Alan, Rusya’nın doğusundaki Kamçatka Yarımadası’nda meydana gelen 8.8 büyüklüğündeki depreme dikkat çekerek, bu depremin dünyanın son bin yılda gördüğü en büyük depremlerden bir tanesi olduğuna dikkat çekerek, sarsıntının ülkeye ciddi bir etkisi olmadığını anlattı ve Türk halkına depremler konusunda şu çağrıyı yaptı:

“Türkiye maalesef gerek yönetsel, gerek mevzuatsal, gerek idari, gerekse toplum olarak afetler karşısında oldukça kırılgan. Daha geçtiğimiz haftalarda Rusya’nın doğusundaki Kamçatka Yarımadası’nda 8.8 büyüklüğünde deprem meydana geldi. Dünyanın son bin yılda gördüğü büyük depremlerden bir tanesiydi. Yıkıma bakıyorsunuz bizim 6.1 büyüklüğündeki Balıkesir depremindeki yıkımdan daha az. O zaman biz bir şeyi eksik veya hatalı yapıyoruz.

Türkiye’nin en önemli sorununun afetlere karşı yönetsel yapısındaki eksiklikler olduğunun altını çizen Alan, yaşanan afetlerin ardından bu alana büyük kaynakların aktarıldığını ve buna rağmen bir Afet Bakanlığı’nın olmadığından yakındı. Afetlerin süreklilik, bilgi ve tecrübe isteyen, aynı zamanda bilgiyi bir kuşak sonrasına aktarabilen bir yönetsel yapıda olmasının zorunluluğuna da dikkat çeken Jeoloji Mühendisleri Odası Başkanı Hüseyin Alan, böyle bir yönetsel yapı eksikliği olduğunu söyledi ve ekledi:

“Yerel idarelerde Deprem Daire Başkanlıklarının kurulması şurada bir veya bir buçuk yıl. Birçoğu hala kurmadı. Kurulanların çalıştırdığı personel ya da daire başkanı olarak atanan kişinin afetlerle alakası yok. Sıfır bilgi, sıfır! Bir ya da iki yerden bahsetmiyorum. Yüzde 90’ı böyle. İstanbul’da da Ankara’da da İzmir’de de böyle. Yerel idareler bu şekilde. Merkezi idarenin yaptıkları da çok eksik veya yetersiz. Demek ki bu idare yapımızı gözden geçireceğiz. Herkes Japonya’yı örnek gösteriyor. Japonya’da bir devlet bakanlığı sadece afetlere bakıyor. Kaç yıl önce kurmuşlar biliyor musunuz? 50 yıl önce! Bu ülkenin bir Afet Bakanlığı’na, Afet ve Acil Durum ve İklim Değişikliği Bakanlığı’na ihtiyacı var.”

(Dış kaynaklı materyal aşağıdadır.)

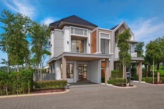 Adapun Cluster Evergreen, menyuguhkan rumah berdesain luxury modern tropical 2 lantai,, mulai dari tipe 120 hingga 168.

“DEPREMLE YÜZLEŞECEĞİZ, FAYLAR BİZE TORPİL GEÇMEYECEK”

Başkan Alan’ın dile getirdiği bir diğer eksiklik ise mevzuatın ya hiç olmadığı ya da eksik olduğuna yönelik oldu. Afetler Kanunu’nun 1959 yılında çıktığına dikkat çeken Alan, o yıldan bu yıla ufak tefek değişiklikler yapıldığını ancak bu değişikliklerin günün ihtiyaçlarını karşılamaktan uzak olduğunu TBMM tarafından düzenlenen raporları işaret ederek söyledi. 2024 Aralık ayında ABD’nin Kaliforniya eyaletinde meydana gelen 7.0 büyüklüğündeki depremi hatırlatan Alan, bu depremin gündem bile olmadığını çünkü ülkede tek bir can kaybının bile yaşanmadığını vurguladı. Alan sözlerine şöyle devam etti:

“Niye ABD’de tek bir kayıp bile yaşanmadı? Afet Risk Azaltma Kanunu’nu adam 1977’de çıkarmış. 50 yıl önce! Fay yasasını 1972’de çıkarmış. Afet ve Acil Durum Planlama Yasasını 1976’da çıkarmış. Bunlar daha bizde yok. Demek ki yasal mevzuatımız bizim çok kötü. Bir diğer husus uygulama. Faylardan bahsediyoruz. Depremlere bunlar kaynaklık ediyor diyoruz. İzmir’e gidin fay zonu üzerine ruhsat veriyor İzmir Büyükşehir Belediyesi, Manisa Belediyesi, Muğla Belediyesi, Bursa Belediyesi, Hatay veya Maraş Belediyesi… Biz nasıl deprem risklerini azaltacağız? Doğa böyle bir şeyi anlamaz. Torpil mi yapsın İzmir’deki faylar İzmir Büyükşehir Belediyesi’ne? Aydın Büyükşehir Belediyesi neyi bekliyor mesela? Faylar torpil mi geçsin Aydın halkına? İstanbul bir gün depremle yüzleşecek. Balıkesir, Manisa, Burdur, Muğla yüzeleşecek. Kimin gibi? Hatay gibi, Kahramanmaraş gibi, Malatya gibi, Bingöl gibi. Oralarda ne oldu?”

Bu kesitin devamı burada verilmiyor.